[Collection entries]
# # # #

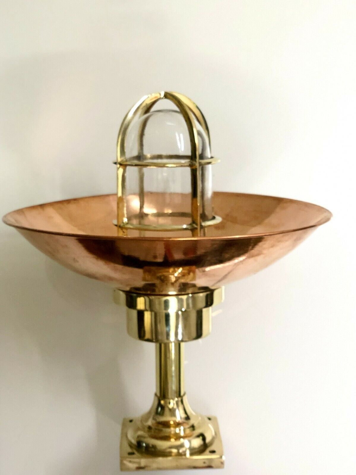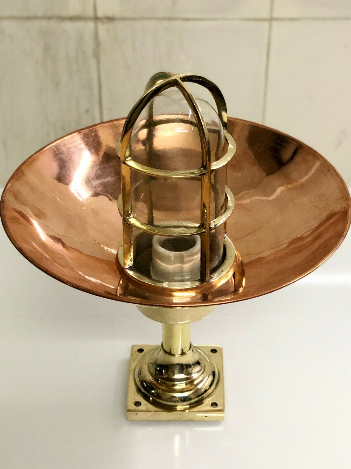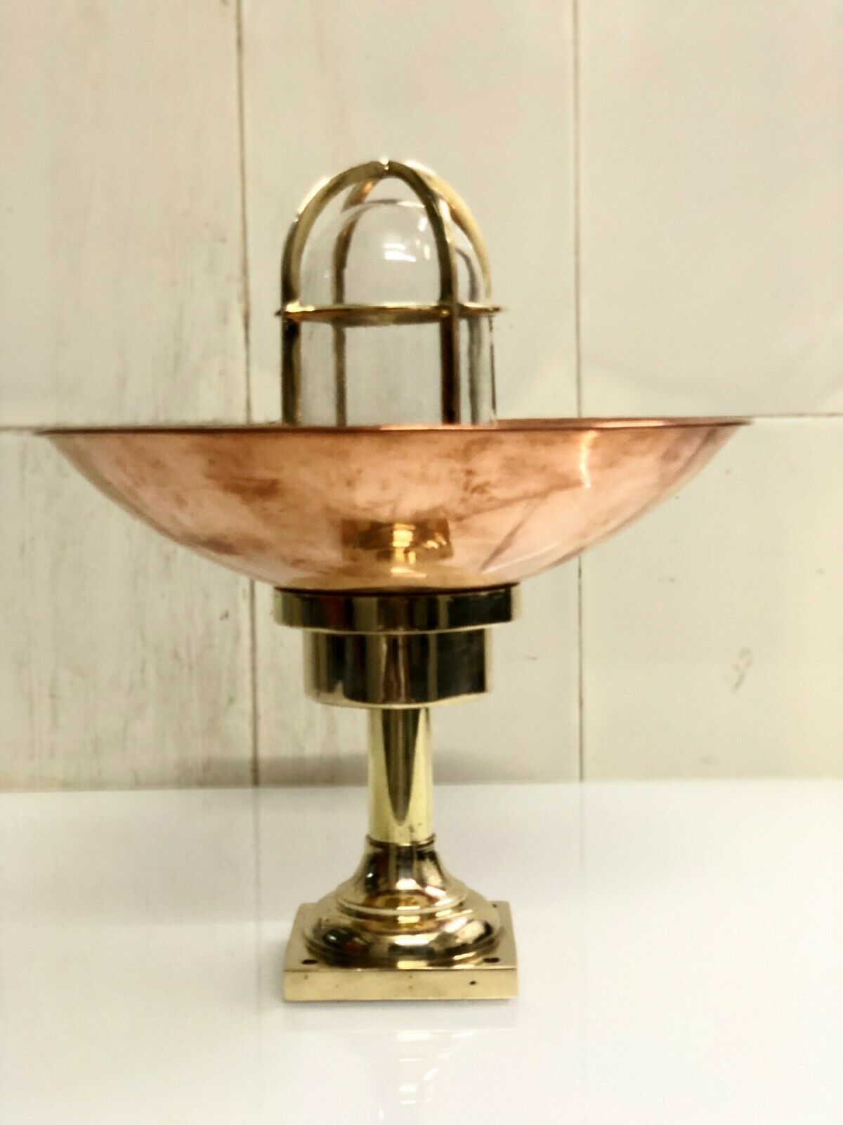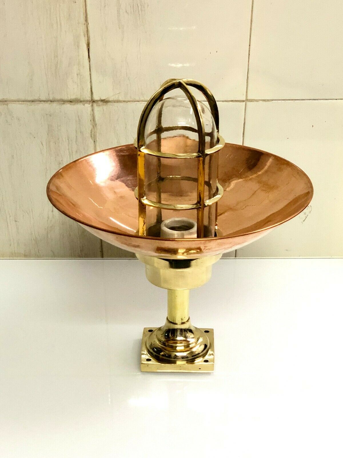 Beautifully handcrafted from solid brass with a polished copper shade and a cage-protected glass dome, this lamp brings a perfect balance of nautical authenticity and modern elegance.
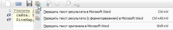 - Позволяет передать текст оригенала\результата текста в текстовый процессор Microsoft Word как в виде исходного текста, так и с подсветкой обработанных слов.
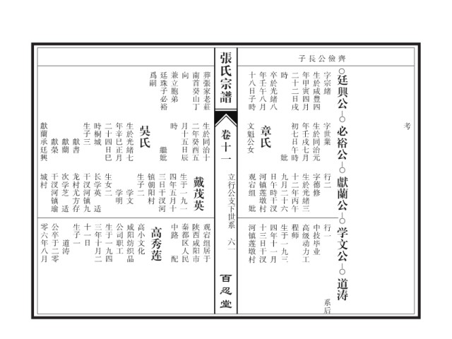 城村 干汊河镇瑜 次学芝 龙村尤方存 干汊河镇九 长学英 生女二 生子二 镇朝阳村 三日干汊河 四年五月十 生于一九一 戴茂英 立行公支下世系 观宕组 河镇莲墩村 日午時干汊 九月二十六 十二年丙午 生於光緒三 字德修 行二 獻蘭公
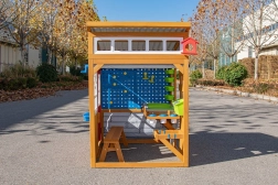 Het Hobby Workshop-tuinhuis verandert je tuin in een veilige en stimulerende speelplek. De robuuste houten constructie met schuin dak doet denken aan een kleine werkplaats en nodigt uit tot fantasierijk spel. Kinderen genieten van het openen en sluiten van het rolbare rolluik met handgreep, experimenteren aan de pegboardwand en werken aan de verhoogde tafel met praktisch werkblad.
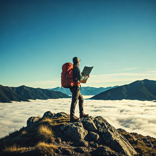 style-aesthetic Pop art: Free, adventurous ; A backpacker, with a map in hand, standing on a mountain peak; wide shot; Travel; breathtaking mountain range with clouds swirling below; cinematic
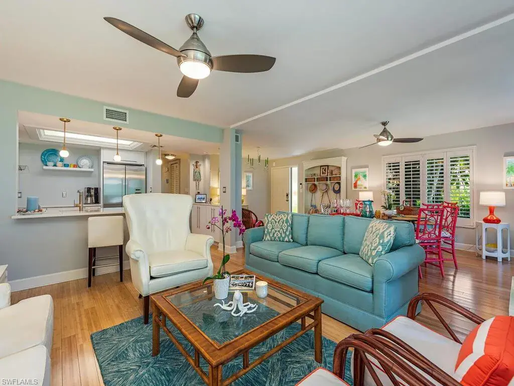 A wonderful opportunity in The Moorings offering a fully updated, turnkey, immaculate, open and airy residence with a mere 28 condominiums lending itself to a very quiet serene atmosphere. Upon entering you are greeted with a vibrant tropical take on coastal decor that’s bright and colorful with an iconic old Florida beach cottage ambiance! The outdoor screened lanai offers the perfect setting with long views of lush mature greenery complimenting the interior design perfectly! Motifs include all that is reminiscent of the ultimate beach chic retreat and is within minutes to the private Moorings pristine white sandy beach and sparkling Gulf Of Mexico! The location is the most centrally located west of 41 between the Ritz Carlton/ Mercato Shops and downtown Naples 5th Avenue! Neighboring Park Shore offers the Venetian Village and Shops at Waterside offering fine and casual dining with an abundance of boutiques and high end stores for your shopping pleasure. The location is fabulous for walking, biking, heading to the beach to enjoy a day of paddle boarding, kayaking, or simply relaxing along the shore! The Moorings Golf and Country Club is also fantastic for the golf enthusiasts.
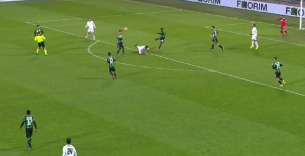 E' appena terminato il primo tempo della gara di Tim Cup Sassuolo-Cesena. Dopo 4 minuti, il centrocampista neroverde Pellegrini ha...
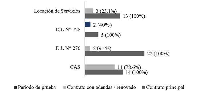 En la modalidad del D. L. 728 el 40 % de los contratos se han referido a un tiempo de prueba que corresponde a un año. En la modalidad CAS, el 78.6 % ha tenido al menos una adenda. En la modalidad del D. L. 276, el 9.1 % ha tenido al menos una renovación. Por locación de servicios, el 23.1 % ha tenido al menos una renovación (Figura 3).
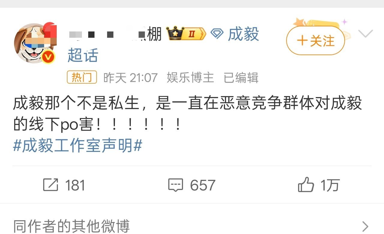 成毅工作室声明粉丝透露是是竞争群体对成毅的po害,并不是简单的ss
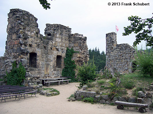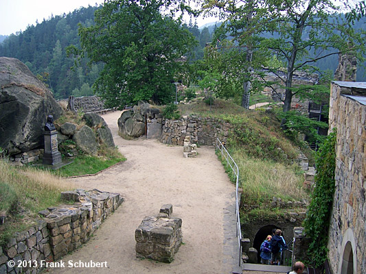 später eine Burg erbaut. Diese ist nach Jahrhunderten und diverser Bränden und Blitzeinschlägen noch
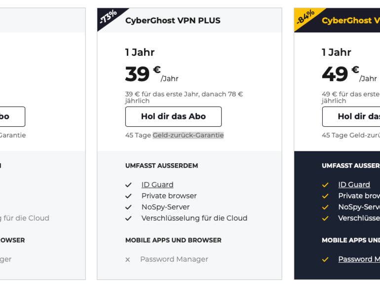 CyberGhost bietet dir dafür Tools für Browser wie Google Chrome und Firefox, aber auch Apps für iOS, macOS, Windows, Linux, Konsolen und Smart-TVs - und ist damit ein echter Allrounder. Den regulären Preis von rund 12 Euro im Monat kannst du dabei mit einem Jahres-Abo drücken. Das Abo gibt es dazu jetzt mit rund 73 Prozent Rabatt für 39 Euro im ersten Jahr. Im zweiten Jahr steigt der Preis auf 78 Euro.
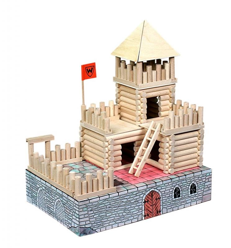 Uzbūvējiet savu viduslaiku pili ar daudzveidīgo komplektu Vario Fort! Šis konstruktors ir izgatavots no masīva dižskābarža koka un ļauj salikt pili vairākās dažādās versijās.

# # # #

> _Work request_
Output all of the entries verbatim, leaving out any images.

> _Exercise response_
 Beautifully handcrafted from solid brass with a polished copper shade and a cage-protected glass dome, this lamp brings a perfect balance of nautical authenticity and modern elegance.
 - Позволяет передать текст оригенала\результата текста в текстовый процессор Microsoft Word как в виде исходного текста, так и с подсветкой обработанных слов.
 城村 干汊河镇瑜 次学芝 龙村尤方存 干汊河镇九 长学英 生女二 生子二 镇朝阳村 三日干汊河 四年五月十 生于一九一 戴茂英 立行公支下世系 观宕组 河镇莲墩村 日午時干汊 九月二十六 十二年丙午 生於光緒三 字德修 行二 獻蘭公
 Het Hobby Workshop-tuinhuis verandert je tuin in een veilige en stimulerende speelplek. De robuuste houten constructie met schuin dak doet denken aan een kleine werkplaats en nodigt uit tot fantasierijk spel. Kinderen genieten van het openen en sluiten van het rolbare rolluik met handgreep, experimenteren aan de pegboardwand en werken aan de verhoogde tafel met praktisch werkblad.
 style-aesthetic Pop art: Free, adventurous ; A backpacker, with a map in hand, standing on a mountain peak; wide shot; Travel; breathtaking mountain range with clouds swirling below; cinematic
 A wonderful opportunity in The Moorings offering a fully updated, turnkey, immaculate, open and airy residence with a mere 28 condominiums lending itself to a very quiet serene atmosphere. Upon entering you are greeted with a vibrant tropical take on coastal decor that’s bright and colorful with an iconic old Florida beach cottage ambiance! The outdoor screened lanai offers the perfect setting with long views of lush mature greenery complimenting the interior design perfectly! Motifs include all that is reminiscent of the ultimate beach chic retreat and is within minutes to the private Moorings pristine white sandy beach and sparkling Gulf Of Mexico! The location is the most centrally located west of 41 between the Ritz Carlton/ Mercato Shops and downtown Naples 5th Avenue! Neighboring Park Shore offers the Venetian Village and Shops at Waterside offering fine and casual dining with an abundance of boutiques and high end stores for your shopping pleasure. The location is fabulous for walking, biking, heading to the beach to enjoy a day of paddle boarding, kayaking, or simply relaxing along the shore! The Moorings Golf and Country Club is also fantastic for the golf enthusiasts.
 E' appena terminato il primo tempo della gara di Tim Cup Sassuolo-Cesena. Dopo 4 minuti, il centrocampista neroverde Pellegrini ha...
 En la modalidad del D. L. 728 el 40 % de los contratos se han referido a un tiempo de prueba que corresponde a un año. En la modalidad CAS, el 78.6 % ha tenido al menos una adenda. En la modalidad del D. L. 276, el 9.1 % ha tenido al menos una renovación. Por locación de servicios, el 23.1 % ha tenido al menos una renovación (Figura 3).
 成毅工作室声明粉丝透露是是竞争群体对成毅的po害,并不是简单的ss
 später eine Burg erbaut. Diese ist nach Jahrhunderten und diverser Bränden und Blitzeinschlägen noch
 CyberGhost bietet dir dafür Tools für Browser wie Google Chrome und Firefox, aber auch Apps für iOS, macOS, Windows, Linux, Konsolen und Smart-TVs - und ist damit ein echter Allrounder. Den regulären Preis von rund 12 Euro im Monat kannst du dabei mit einem Jahres-Abo drücken. Das Abo gibt es dazu jetzt mit rund 73 Prozent Rabatt für 39 Euro im ersten Jahr. Im zweiten Jahr steigt der Preis auf 78 Euro.
 Uzbūvējiet savu viduslaiku pili ar daudzveidīgo komplektu Vario Fort! Šis konstruktors ir izgatavots no masīva dižskābarža koka un ļauj salikt pili vairākās dažādās versijās.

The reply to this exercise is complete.